What (actually) happens when you type a web address on your browser and hit enter…
Of course that the simplest answer to the question on the title of this article is: “you get to see a web site?”. But on this case let’s try to go deeper into the concept and find out the details within the entire process that happens between you type your web site address (and in this article and for exemplifying purposes we will be using https://holbertonschool.com), hit the “Enter” key and you finally get to see the web site of your choice.
www.holber… what?
Holberton School is a software learning institution based in San Francisco and I am writing this blog as a requirement for their curricula. Here´s a screenshot of the main page from Microsoft Edge:
Web browsers such as Edge, Chrome or Firefox take text strings (because at the end of the day www.holbertonschool.com
or any other web site name is a text string) and directs you to the web site that corresponds with that string.

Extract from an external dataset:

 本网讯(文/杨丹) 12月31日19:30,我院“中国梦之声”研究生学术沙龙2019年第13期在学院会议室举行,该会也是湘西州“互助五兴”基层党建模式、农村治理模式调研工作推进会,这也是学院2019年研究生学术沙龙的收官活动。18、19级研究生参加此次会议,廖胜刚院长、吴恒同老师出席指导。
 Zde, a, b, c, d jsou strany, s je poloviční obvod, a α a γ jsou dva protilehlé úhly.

Now, in order to match the text string it receives with a corresponding web site (with the web site IP address in fact, more about that later), what the browser will do is to parse the text string and divide it in smaller chunks it can identify and relate to something else. The break up goes like this:
In the case of the complete addresswww.holbertonschool.com
, the different components are broken down in this way:
https
— This is the PROTOCOL, spcifically HTTPS (HyperText Transfer Protocol Secure). This is the data transfer method used between the client and server.
www.holbertonschool.com
- the DOMAIN name that matches the web site specific IP address.

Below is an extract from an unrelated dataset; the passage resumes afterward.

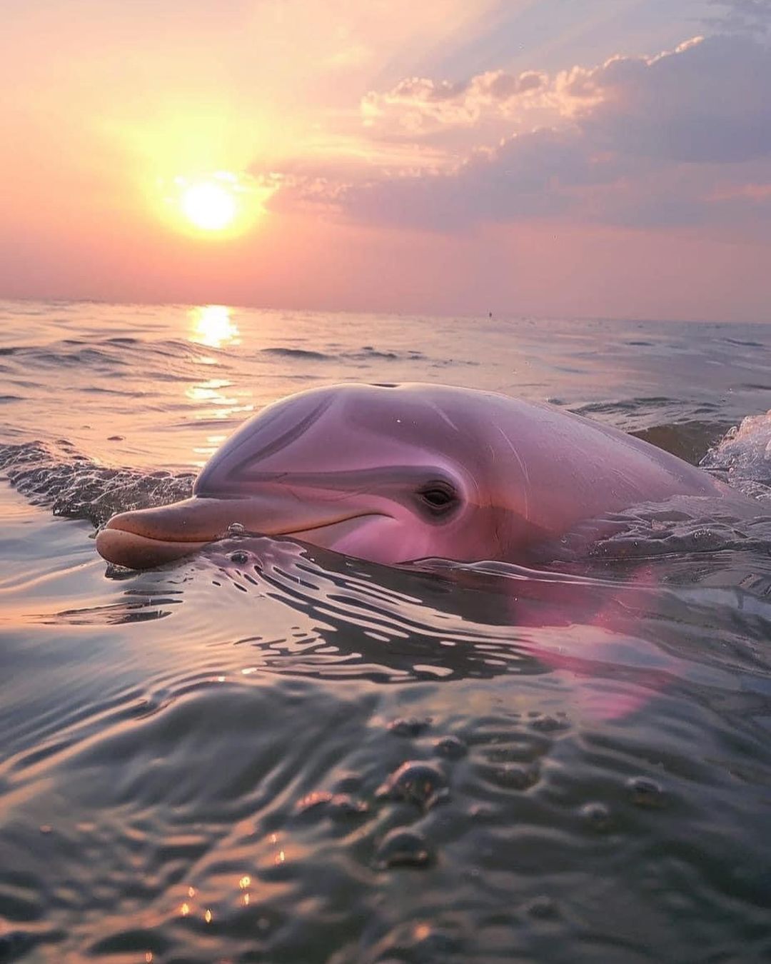 🐬 🩷 This rare pink dolphin was spotted on the North Carolina state coast🩷😲

The PORT is the specific port of the server where the request will be sent. As in the example we are not actually metioning an specific port, HTTPS will use the default assigned one which is port 443.
PATH AND FILE NAME of the file we are requesting within the server. As it is also being left blank in the example this means that we are querying the server at its root.
We could, of course, provide the browser with the exact IP (Internet Protocol) address of the server we want to access, but human brains are notoriusly bad at remembering large combinations of numbers, while we can easily remember text strings as long as they match actual words from the human-used languages.
DNS (Domain Name System) is what we use to make the text strings we use as domain names, to match specific IP addresses on the server side.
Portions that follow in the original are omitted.